A report from our research team illustrates the huge volume of UK office stock that, without investment, may become unfit for purpose.

Analysing how sustainable and energy efficient the UK’s office stock is, and to what extent it meets the requirements of the workforce today and in the future, the results highlight the challenges facing many commercial property owners, particularly of older or low-quality space.

Using 110,000 office records, our team analysed four key office quality metrics: EPC ratings, BREEAM assessment, office-grade classification, and age of office stock, looking at the picture nationally and in 12 major UK office markets.

Approximately 55 per cent of existing office inventory in the UK by floorspace is more than 30 years old and nearly a quarter was originally constructed before 1950.

Whilst this is not necessarily negative, it certainly poses challenges. In many cases of course, repurposing older office space can reduce the need for new construction and promote sustainable urban development.

But, moving forward, much of the relevance of this stock will be defined by how proactive landlords and developers are in responding to legislation and the requirements of the modern workforce.

Our team classified the UK’s office buildings into classes 1-3, class 1 being the highest quality offices and class 3 being the poorest. These are used to differentiate buildings by quality, based on key factors such as location, age, building quality, amenities, and rental value.

Class 1 space accounts for 28 per cent of the total UK stock and is where most occupier demand is now focussed.
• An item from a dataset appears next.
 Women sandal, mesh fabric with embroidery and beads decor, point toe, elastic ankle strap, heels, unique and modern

This means nearly three-quarters of the UK’s stock is not sufficiently high quality to attract a broad range of occupiers. Across the 12 cities analysed, Oxford has some of the most low-quality office space (class 3) as a percentage of the total office stock, at 28 per cent.

Office properties within EPC bands F and G account for 17.2 per cent of all offices in Great Britain, meaning that nearly a fifth of all office buildings potentially became unlettable from April 1, 2023, unless remedial action has been taken.
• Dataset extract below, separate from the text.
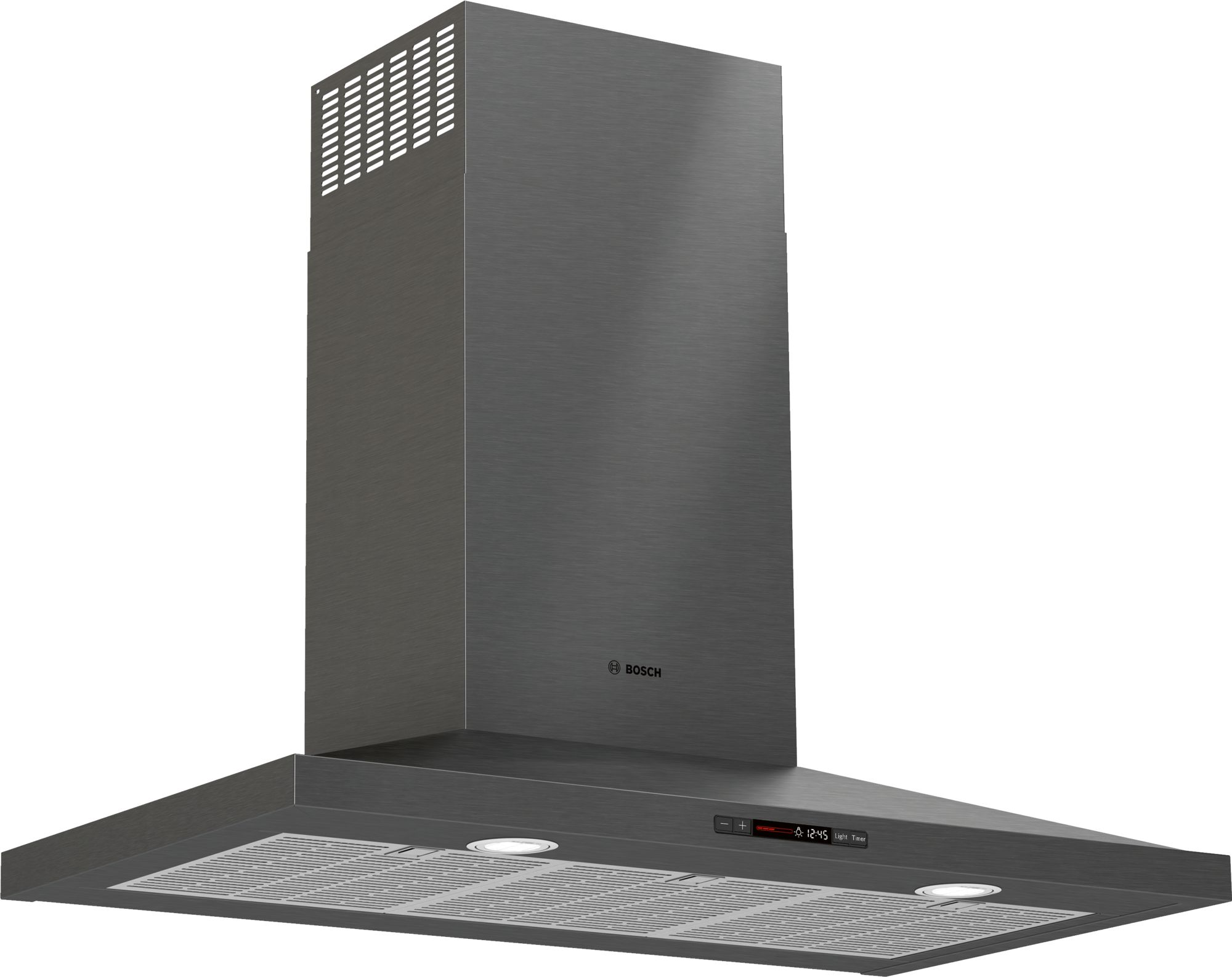 The 36" Bosch black stainless steel chimney hood helps guard against scratches and fingerprints.

In reality, the figure will be lower as exemptions apply to certain properties. Additionally, some spaces may be in the process of being upgraded and re-assessed or may be vacant and awaiting a change of use.
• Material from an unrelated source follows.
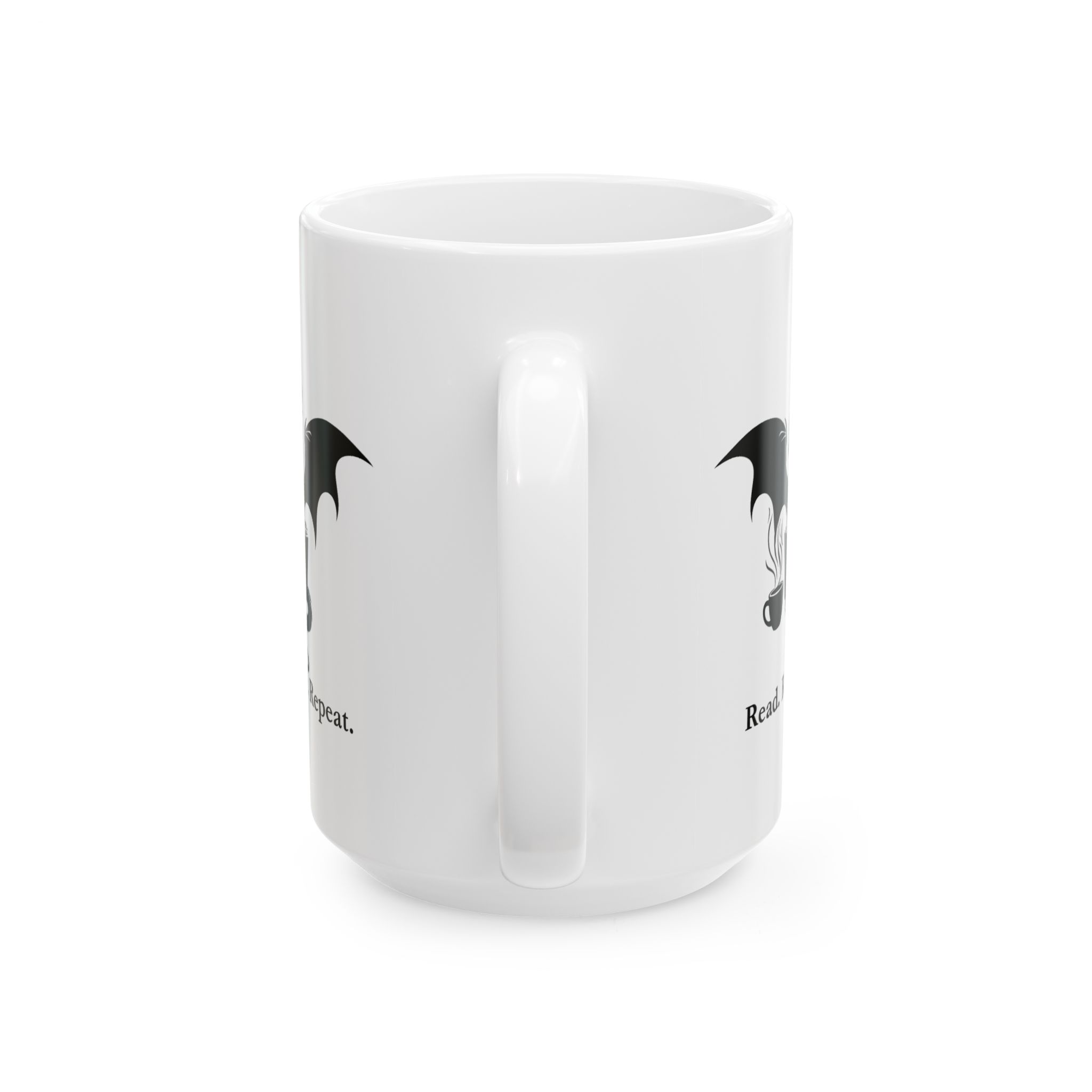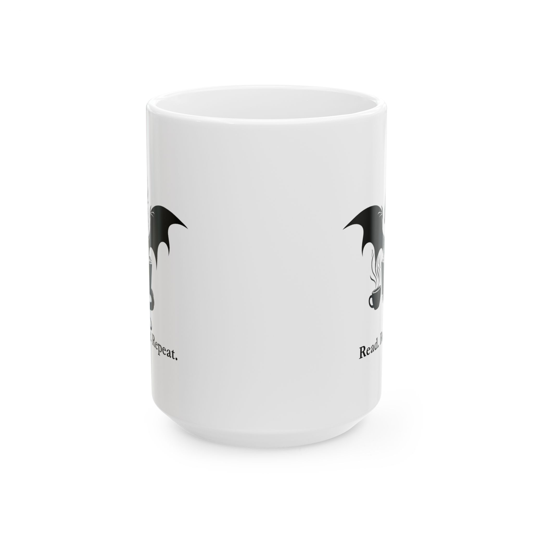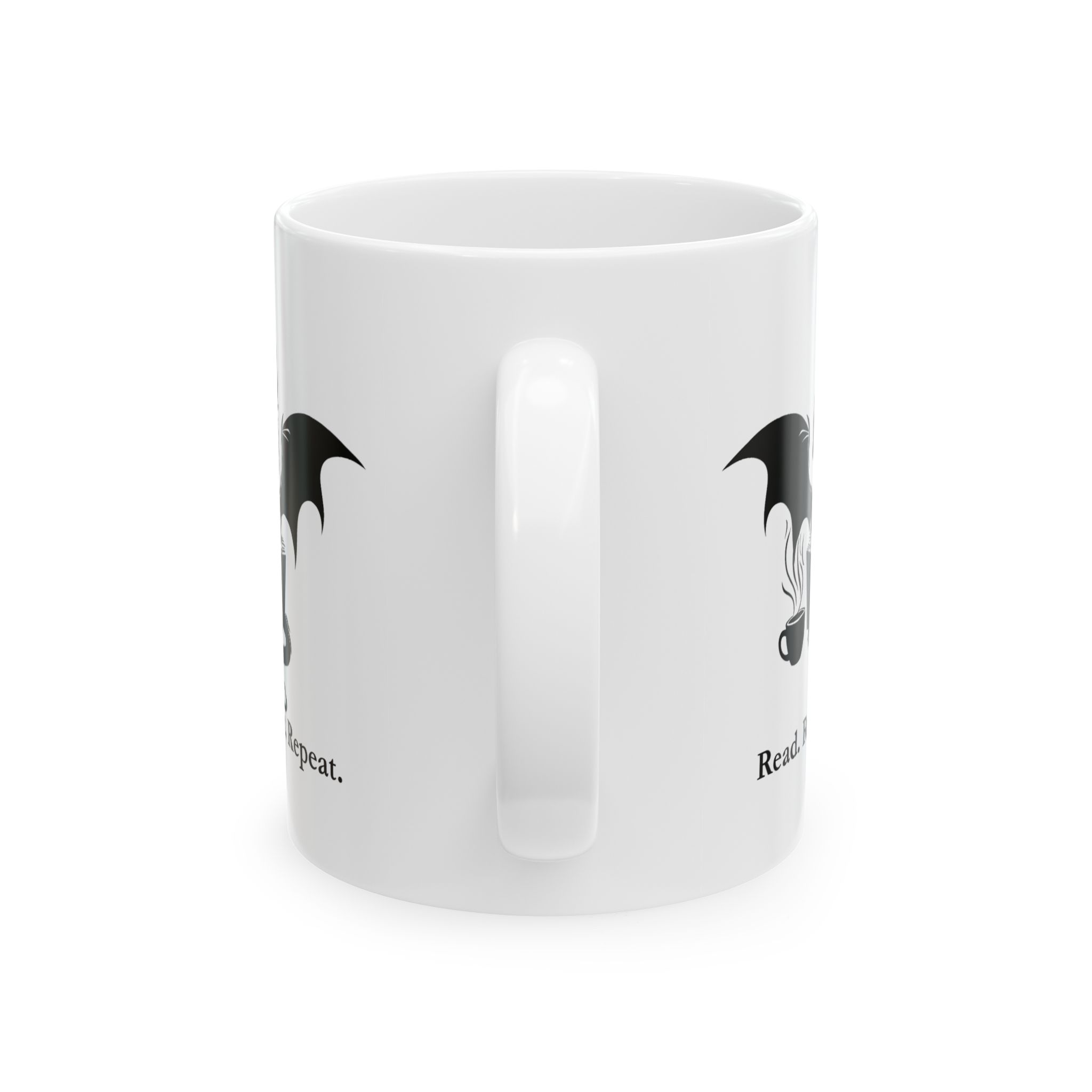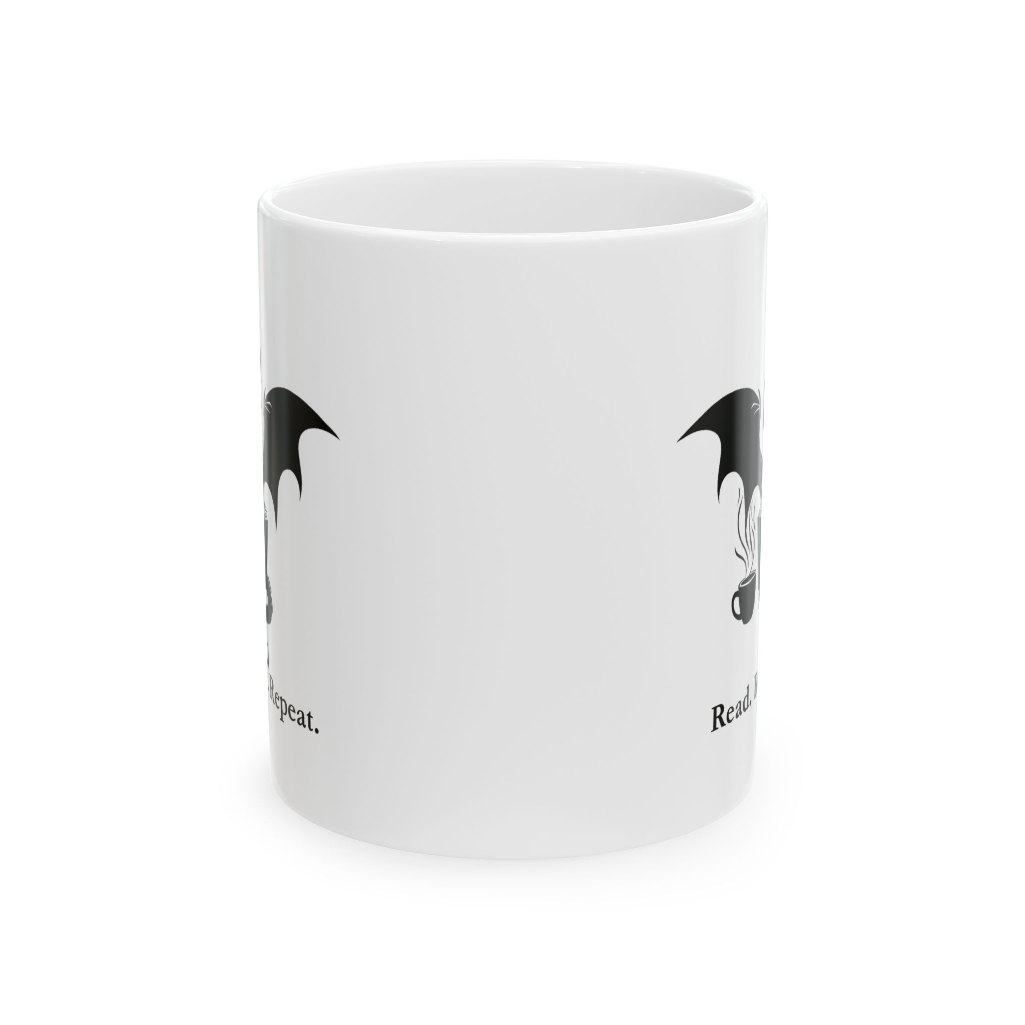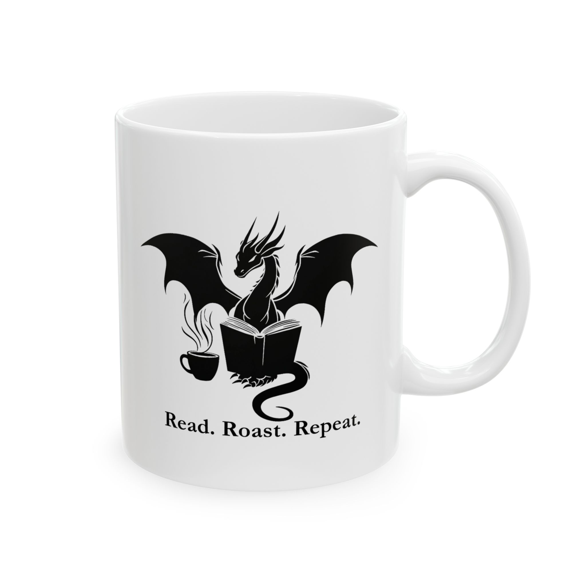 “Read. Roast. Repeat.” Dragon Coffee Mug — Fantasy Ceramic Cup (11oz & 15oz)

Given the proposed tightening of the MEES regulation, a substantial proportion of office buildings will be unlettable by 2027 if upgrades are not carried out. Only 31.6 per cent of GB’s stock is band C or better, the minimum proposed MEES standard by 2027.

A mere 8.3 per cent of the stock would satisfy the proposed minimum MEES requirement of EPC band B from 2030.

There is a notable difference between the 12 locations analysed. Cities including Glasgow, Edinburgh, Birmingham and Bristol could find that 70 per cent of their stock will be unlettable by 2027 without capital investment, with this share of properties below the minimum standard potentially increasing to 90 per cent and above in 2030.

Our team then developed an Office Market Sustainability Index, comparing the average sustainability level of stock across the 12 UK office markets, to create an overall ranking. The findings conclude that London is at the forefront of sustainability initiatives and regulations, and it is ranked first among the 12 cities. Oxford sits in sixth place.

Overall, the report serves as a stark reminder as to how, as an industry, we need to encourage targeted strategies to improve sustainability and energy efficiency across our markets.

Whilst daunting, there are opportunities for clever refurbishment and redevelopment choices. A key question will be the extent to which market forces alone will drive this transformation without the need for further Government intervention.